By doing this, external processing i! This method avoids reducing the data transfer speed between the storage device and the storage device, and if a soft error occurs in an address area that is not accessed within the storage device, it will become an uncorrectable error if it overlaps with an intermittent error in other control systems, etc. The probability will decrease.

Effects of the Invention According to the present invention, data is read from the memory circuit every cycle that is an integer multiple of the refresh operation cycle and errors are detected, and if an error is detected, the error is corrected and a subsequent refresh operation is performed. This eliminates the need for sequence interrupt processing for normal operations in response to refresh requests, interrupt processing for temporary rewrite operations during one read operation, etc., and therefore does not cause a reduction in throughput between storage devices. Furthermore, it is possible to reduce the increase in the soft error occurrence rate in address areas that are not accessed within the storage device.

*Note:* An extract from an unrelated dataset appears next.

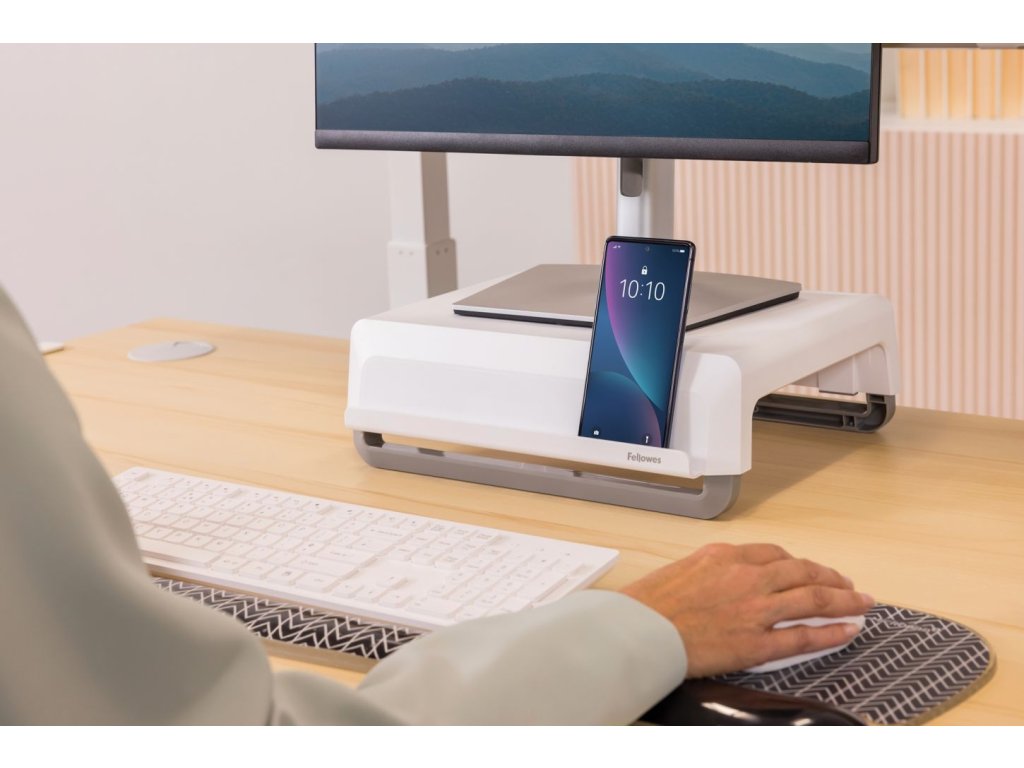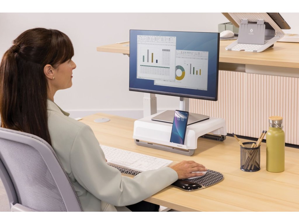 Používáním stojanu pod monitor Fellowes BREYTA předcházíte bolesti šíje a krční páteře. Umožňuje nastavení monitoru na úroveň očí, čím zmírňuje svalové napětí ramen a krku. Vhodné do kanceláře i domácnosti. Určen pro všechny typy monitorů či LCD / TFT monitorů do hmotnosti do 15 kg.POPIS:

[Brief explanation of the drawing]

FIG. 1 is a block diagram of an embodiment of the present invention, and FIG. 2 is a time chart showing an example of the operation of FIG. 1. Explanation of codes of main parts 4...Error correction code generation circuit 6...
Memory circuit 8...Error detection and correction circuit 13...
... Refresh control circuit 15 ... Internal address generation circuit 17 ... Refresh holding circuit 25 ... Invert multiplier circuit

Claims (1)

[Claims] a dynamic storage element; an error correction code generating means for adding an error correction code to write data and writing it into the storage element; and detecting the occurrence of a 1-bit error in read data from the storage element and correcting the error bit. and a refresh control means for controlling a refresh operation of the memory contents of the storage element, the storage device comprising: an error detection and correction means for controlling the memory contents of the memory element; It has a reading means for reading data from the storage element, and a writing means for instructing to write the corrected data to the storage element only when the read data has been error detected and corrected by the error detection and correction means. , the refresh control means:
A storage device characterized in that the storage device is configured to perform a refresh operation after the operations of the read means and the write means are completed, and to release the refresh interrupt request after the refresh operation is completed.